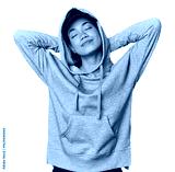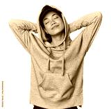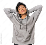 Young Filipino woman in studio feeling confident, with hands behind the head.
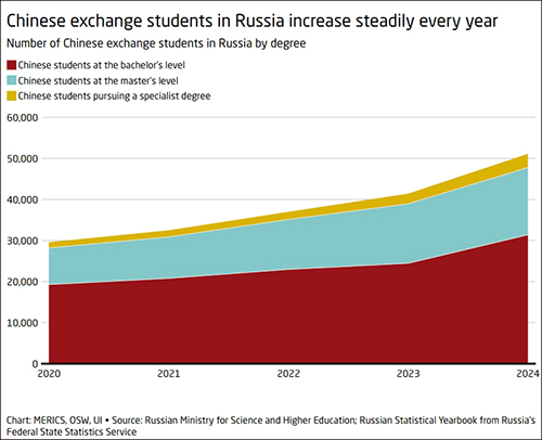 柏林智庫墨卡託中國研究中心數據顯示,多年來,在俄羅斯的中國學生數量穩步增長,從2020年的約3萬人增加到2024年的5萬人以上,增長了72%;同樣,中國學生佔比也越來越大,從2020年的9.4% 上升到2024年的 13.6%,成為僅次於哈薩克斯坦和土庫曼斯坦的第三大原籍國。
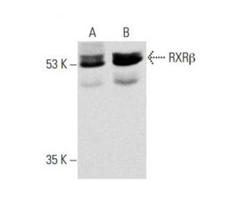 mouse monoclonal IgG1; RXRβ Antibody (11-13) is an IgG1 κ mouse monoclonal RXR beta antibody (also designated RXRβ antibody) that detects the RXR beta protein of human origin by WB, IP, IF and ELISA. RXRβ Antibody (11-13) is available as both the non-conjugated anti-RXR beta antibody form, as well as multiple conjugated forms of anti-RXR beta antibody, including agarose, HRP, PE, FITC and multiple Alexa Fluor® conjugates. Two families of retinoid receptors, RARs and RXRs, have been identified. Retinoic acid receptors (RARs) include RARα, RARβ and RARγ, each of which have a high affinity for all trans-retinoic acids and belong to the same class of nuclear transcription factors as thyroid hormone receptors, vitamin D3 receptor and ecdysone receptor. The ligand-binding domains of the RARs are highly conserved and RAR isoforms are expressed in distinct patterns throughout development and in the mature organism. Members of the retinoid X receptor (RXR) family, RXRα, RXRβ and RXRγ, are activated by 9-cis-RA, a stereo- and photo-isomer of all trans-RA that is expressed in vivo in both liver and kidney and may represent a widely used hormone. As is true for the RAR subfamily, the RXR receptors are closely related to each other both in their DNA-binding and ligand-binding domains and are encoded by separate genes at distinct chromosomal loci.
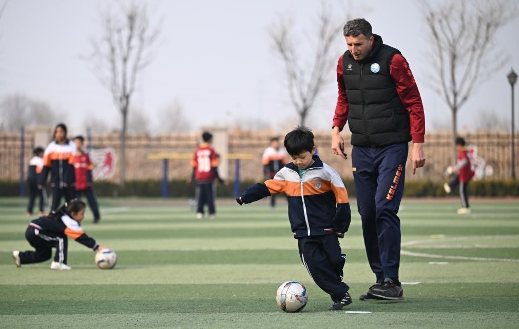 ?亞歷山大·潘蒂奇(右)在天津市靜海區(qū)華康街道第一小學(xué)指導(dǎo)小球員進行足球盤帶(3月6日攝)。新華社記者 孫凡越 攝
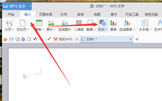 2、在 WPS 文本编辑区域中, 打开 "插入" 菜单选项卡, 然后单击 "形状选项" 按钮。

## TASK DETAILS
Each entry is to be output exactly, and no picture is to appear.

## ANSWER FOR THIS EXERCISE
 Young Filipino woman in studio feeling confident, with hands behind the head.
 柏林智庫墨卡託中國研究中心數據顯示,多年來,在俄羅斯的中國學生數量穩步增長,從2020年的約3萬人增加到2024年的5萬人以上,增長了72%;同樣,中國學生佔比也越來越大,從2020年的9.4% 上升到2024年的 13.6%,成為僅次於哈薩克斯坦和土庫曼斯坦的第三大原籍國。
 mouse monoclonal IgG1; RXRβ Antibody (11-13) is an IgG1 κ mouse monoclonal RXR beta antibody (also designated RXRβ antibody) that detects the RXR beta protein of human origin by WB, IP, IF and ELISA. RXRβ Antibody (11-13) is available as both the non-conjugated anti-RXR beta antibody form, as well as multiple conjugated forms of anti-RXR beta antibody, including agarose, HRP, PE, FITC and multiple Alexa Fluor® conjugates. Two families of retinoid receptors, RARs and RXRs, have been identified. Retinoic acid receptors (RARs) include RARα, RARβ and RARγ, each of which have a high affinity for all trans-retinoic acids and belong to the same class of nuclear transcription factors as thyroid hormone receptors, vitamin D3 receptor and ecdysone receptor. The ligand-binding domains of the RARs are highly conserved and RAR isoforms are expressed in distinct patterns throughout development and in the mature organism. Members of the retinoid X receptor (RXR) family, RXRα, RXRβ and RXRγ, are activated by 9-cis-RA, a stereo- and photo-isomer of all trans-RA that is expressed in vivo in both liver and kidney and may represent a widely used hormone. As is true for the RAR subfamily, the RXR receptors are closely related to each other both in their DNA-binding and ligand-binding domains and are encoded by separate genes at distinct chromosomal loci.
 ?亞歷山大·潘蒂奇(右)在天津市靜海區(qū)華康街道第一小學(xué)指導(dǎo)小球員進行足球盤帶(3月6日攝)。新華社記者 孫凡越 攝
 2、在 WPS 文本编辑区域中, 打开 "插入" 菜单选项卡, 然后单击 "形状选项" 按钮。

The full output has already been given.